Furthermore, what is needed is a method and an apparatus for invalidating an entry in an L1 cache without performing a lookup to determine the way location of the entry.
One embodiment of the present invention provides a multiprocessor system that includes a number of processors with higher-level caches that perform memory accesses through a lower-level cache. This multiprocessor system also includes a reverse directory coupled to the lower-level cache, which includes entries corresponding to lines in the higher-level caches, wherein each entry identifies an associated entry in the lower-level cache.
In one embodiment of the present invention, the lower-level cache is configured to receive a request from a higher-level cache to retrieve a line from the lower-level cache. If the line is present within the lower-level cache, the system sends the line to the higher-level cache so that the line can be stored in the higher-level cache. The system also stores information in the reverse directory to indicate that the line is stored in the higher-level cache.

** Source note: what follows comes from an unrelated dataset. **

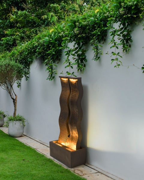 Wasserfall-Brunnen mit LED-Lichtern. Schaffen Sie eine entspannte Atmosphäre in Ihrem Garten oder auf der Terrasse mit diesem modernen Wasserspiel. Die integrierten LED-Leuchten setzen das fließende Wasser stimmungsvoll in Szene und sorgen für ein schönes Ambiente am Abend. Gefertigt aus robustem, UV-beständigem Harz, ist der Brunnen wetterfest und behält seinen eleganten Look. Eine stilvolle und pflegeleichte Ergänzung für jeden Außenbereich. Details: Typ Gartenbrunnen. Farbe: Braun. Lichtfarbe: Neutralweiß. Material: Kunststoff. Material: Harz. Zusätzliches Material: Glasfaser. Fassung: 1,2 W. Schutzklasse: IP 44 (spritzwassergeschützt). Lichtstrom: 85. Spannung 230 V (50 Hz). Abmessungen: Kabellänge: 500 cm. Tiefe: 24 cm. Breite: 50 cm. Höhe: 106 cm. Gewicht: 12 kg. .Sie kaufen: 1 x Gartenbrunnen. Produktvorteile: Modernes Design, Ansprechendes LED-Licht für ein angenehmes Raumklima, UV-Beständigkeit, Internationales CE Prüfzeichen, Geschützt gegen harte Fremdkörper über 1 mm und Spritzwasser mit geringer Geschwindigkeit (IP 44), Besonders pflegeleicht. Montage: Erfordert Installation und Montage. Zusatzinformationen: Das Produkt ist auf einem festen Untergrund zu montieren. Bei Gras- oder Kiesböden muss ein Loch ausgehoben und mit Beton oder einem geeigneten Fundament gefüllt werden, um eine sichere Montage zu gewährleisten. Beständigkeit: UV-beständig, Wasserbeständig, Windbeständig, Rostbeständig. Beständigkeit Text: Der Artikel ist aus UV-beständigen Materialien hergestellt, so dass er im Freien verwendet werden kann, ohne dass die Farbe verblasst. Dieses Produkt zeichnet sich durch eine hohe Wasserbeständigkeit aus. Dies bedeutet, dass es in Kontakt mit Regen oder anderen Flüssigkeiten nicht beschädigt wird. Sie können das Produkt im Freien, auch bei Regen oder einer hohen Luftfeuchtigkeit nutzen. Außerhalb der Saison sollte das Produkt bedeckt und an einer abgedachten Stelle aufbewahrt werden. Dieses Produkt besitzt eine hohe Windbeständigkeit, weshalb es nicht umkippen oder seine Stabilität aufgrund von Windböen verlieren sollte. Dank eines entsprechenden Finish zeichnet sich das Produkt Oberfläche durch eine Rostbeständigkeit aus. Dies bedeutet, dass es im Freien genutzt werden kann. Werden die Möbel nicht genutzt, sollte entweder eine Abdeckung verwendet oder sie sollten an einem trockenen Ort gelagert werden. Pflegeanleitung: Harz: 1.Regelmäßig Wasser nachfüllen, um Wasserverlust durch Verdunstung zu minimieren. 2.Um Mineralablagerungen und Bakterienbildung zu minimieren, das Wasser alle zwei Wochen austauschen. 3.Den Brunnen und die Pumpe regelmäßig überprüfen und reinigen, wenn sie über einen längeren Zeitraum genutzt werden. 4.Wird der Brunnen längere Zeit nicht benutzt, ziehen Sie den Stecker, reinigen Sie den Brunnen und das Zubehör und entfernen Sie das gesamte Wasser, um ihn sauber und trocken zu halten. 5.Wenn der Brunnen nicht funktioniert, überprüfen Sie, ob der Stecker vollständig in die Steckdose eingesteckt ist und ob die Steckdose mit Strom versorgt wird. 6.Den Brunnen mit einem weichen Tuch reinigen und auf Reinigungsmittel verzichten.

In a variation on this embodiment, the higher-level cache is an N-way set-associative cache, and storing the information in the reverse directory involves storing way information identifying a way location in the higher-level cache in which the line is to be stored. The multiprocessor system is additionally configured to use this way information during a subsequent invalidation operation to invalidate the line in the higher-level cache without having to perform a lookup in the higher-level cache to determine the way location of the line in the higher-level cache.

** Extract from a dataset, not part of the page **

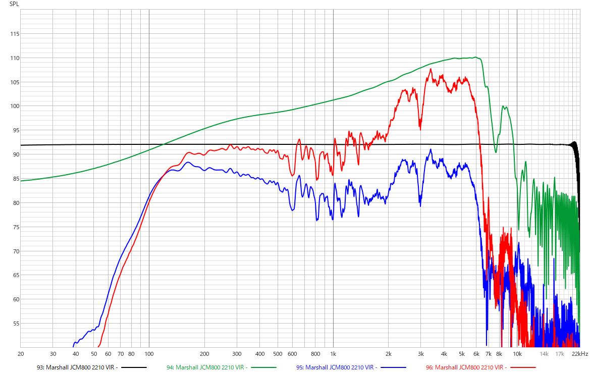 下のグラフの緑線がバイパス時、赤線がRAT2(DISTORTION=0、FILTER=0、VOLUME=10)をONにした時の周波数特性です。
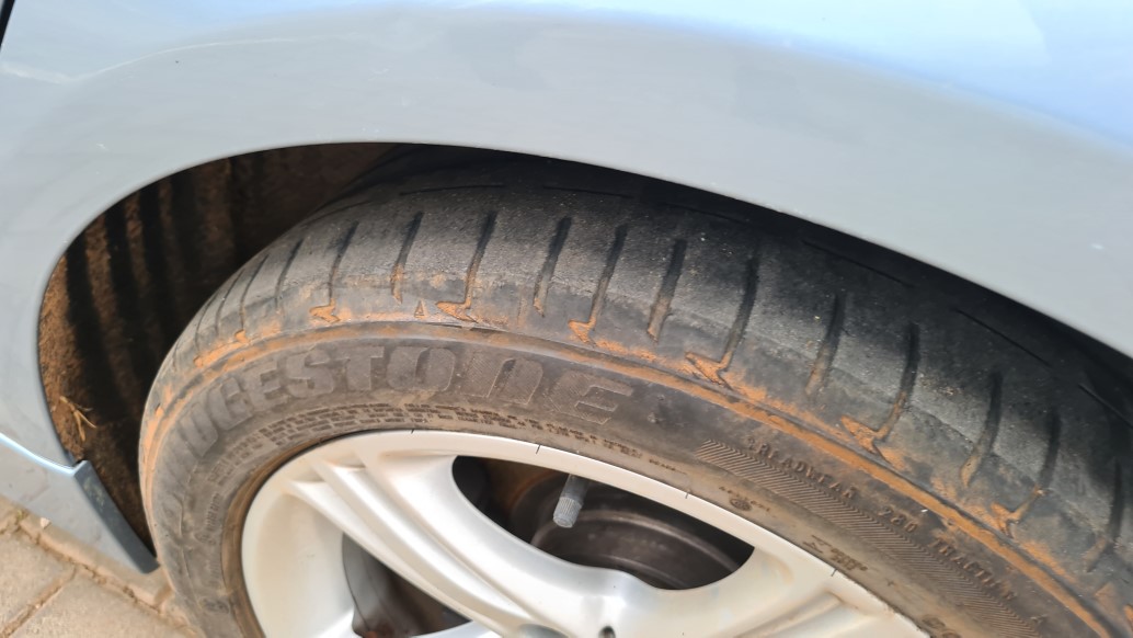 Rear door upholstery scratched. 2 Front Tyres Tread depth above standard.

In one embodiment of the present invention, the lower-level cache is additionally configured to generate a miss to pull the line into the lower-level cache, if the line is not present within the lower-level cache.

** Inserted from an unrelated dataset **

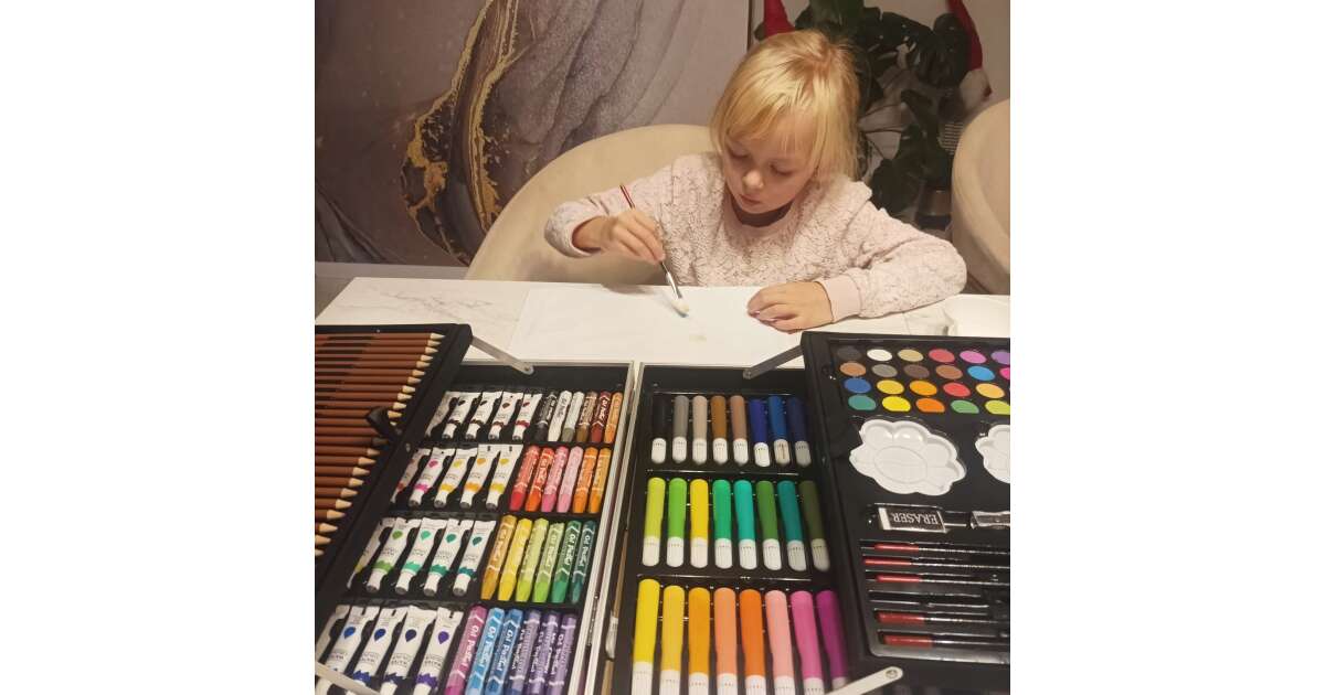 Ten 145-częściowy zestaw do kreatywnego rysowania premium zawiera wszystkie narzędzia potrzebne do rysowania i malowania, zarówno dla początkujących, jak i zaawansowanych artystów. Dzięki szerokiemu wyborowi kolorowych ołówków, markerów, pasteli olejnych, akwareli i farb akrylowych, kreatywność ogranicza tylko wyobraźnia. Zestaw jest dostarczany w poręcznej walizce z wzorem jednorożca, która ułatwia przechowywanie i transport. Dzieci szczególnie uwielbiają walizkę, która pomaga im utrzymać porządek w narzędziach, co potwierdzają opinie klientów.

In one embodiment of the present invention, upon receiving an update request that causes a target entry in the lower-level cache to be updated, the system performs a lookup in the reverse directory to determine if the target entry is contained in one or more higher-level caches. For each higher-level cache that contains the target entry, the system sends an invalidation request to the higher-level cache to invalidate the target entry, and updates a corresponding entry in the reverse directory to indicate that the target entry has been invalidated in the higher-level cache.
Note that this update request can include, a load miss, a store miss, and a store hit on the target entry. If the update request is a store hit, the lookup in the reverse directory involves looking up the target entry in all higher-level caches, except for a higher-level cache that caused the store hit.
In one embodiment of the present invention, the reverse directory includes a fixed entry corresponding to each entry in each of the higher-level caches.
In one embodiment of the present invention, each entry in the reverse directory includes information specifying a location of a corresponding entry in the lower-level cache.
In one embodiment of the present invention, the lower-level cache is organized as an M-way set associative cache. In this embodiment, each entry in the reverse directory includes: a way identifier that identifies a way location of a corresponding entry within the lower-level cache; a set identifier that identifies a set location of the corresponding entry within the lower-level cache, wherein the set identifier does not include set information that can be inferred from a location of the entry within the reverse directory; and a valid flag indicating whether the entry in the reverse directory is valid.
In one embodiment of the present invention, the multiprocessor system is located on a single semiconductor chip.
In one embodiment of the present invention, the lower-level cache is an L2 cache, and each of the higher-level caches is an L1 cache.
In one embodiment of the present invention, the higher-level caches are organized as write-through caches, so that updates to the higher-level caches are immediately written through to the lower-level cache.
In one embodiment of the present invention, the lower-level cache includes multiple banks that can be accessed in parallel.